Es una orden. ¿No te das cuenta de que es una trampa, imbécil? No son más que
alucinaciones... -Su voz se corta de rabia, de miedo.
Boris se
levanta lentamente, furioso y avergonzado por haber caído en algo tan pueril,
frustrado por no poder disfrutar de su sueño y, de repente, al alzar de nuevo
los ojos hacia Ken, advierte que está desnuda, que están desnudos los dos, con
la piel expuesta a toda la radiación, respirando aquel aire envenenado que
huele a flores y a hierba, sintiendo las salpicaduras de ese agua que debe de
estar podrida y que de hecho no existe, como no existe ese cielo nocturno y esa
brisa que le mueve el pelo y que puede sentir en toda su piel como una caricia.

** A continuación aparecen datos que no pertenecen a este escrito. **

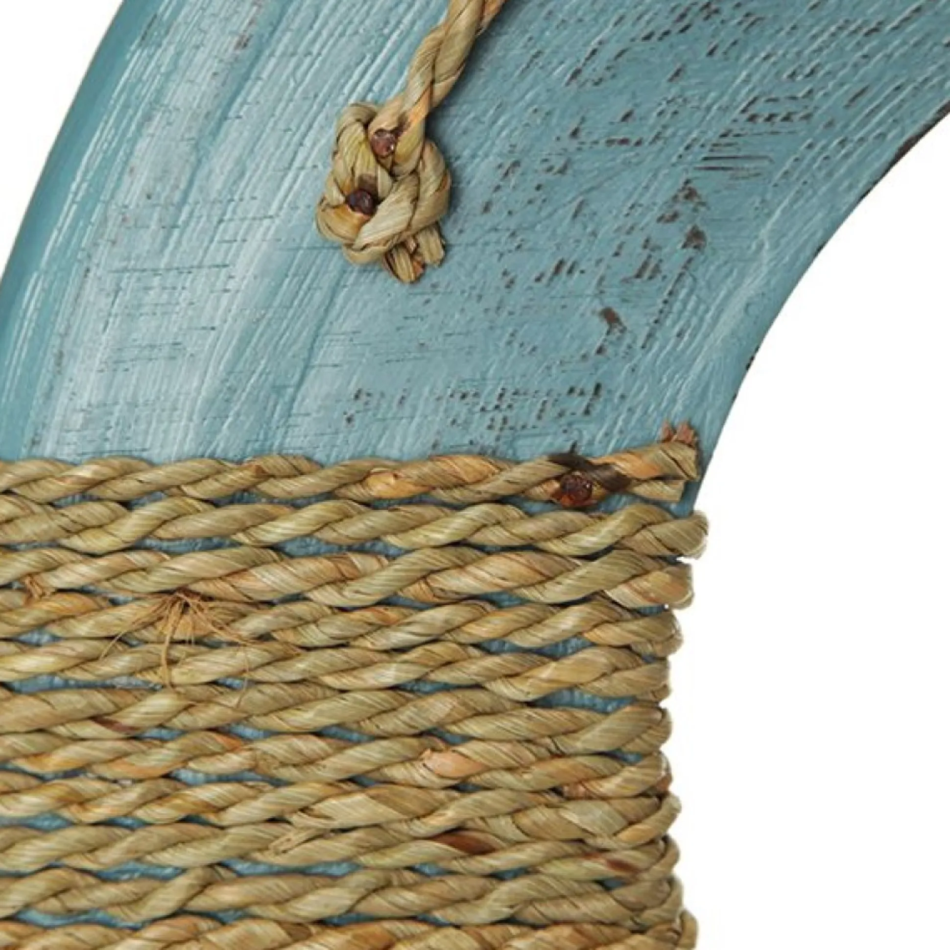 A Beautiful Hand Carved, Timber Life Buoy Beach Wreath. Featuring Fresh Coastal Tones Of Aqua Blue And White, It Is Bound To Look Perfect Hung On Your Front Door Or Incorporated In Your Christmas Decor. Can You Displayed All Year Round. Size 38Cm Diameter.

Y se echa a reír y abraza a Ken gritando entre risas:
-Lo sabía,
lo sabía. Podremos volver a empezar en Terra. Podemos vivir aquí. Es mucho
mejor de lo que yo esperaba. Es un milagro.
Nos sacude
el miedo como siempre desde que los esperamos. Todas las estrellas giran
enloquecidas. No podemos. No queremos. Ellos. Diferentes. No. No. Compartir.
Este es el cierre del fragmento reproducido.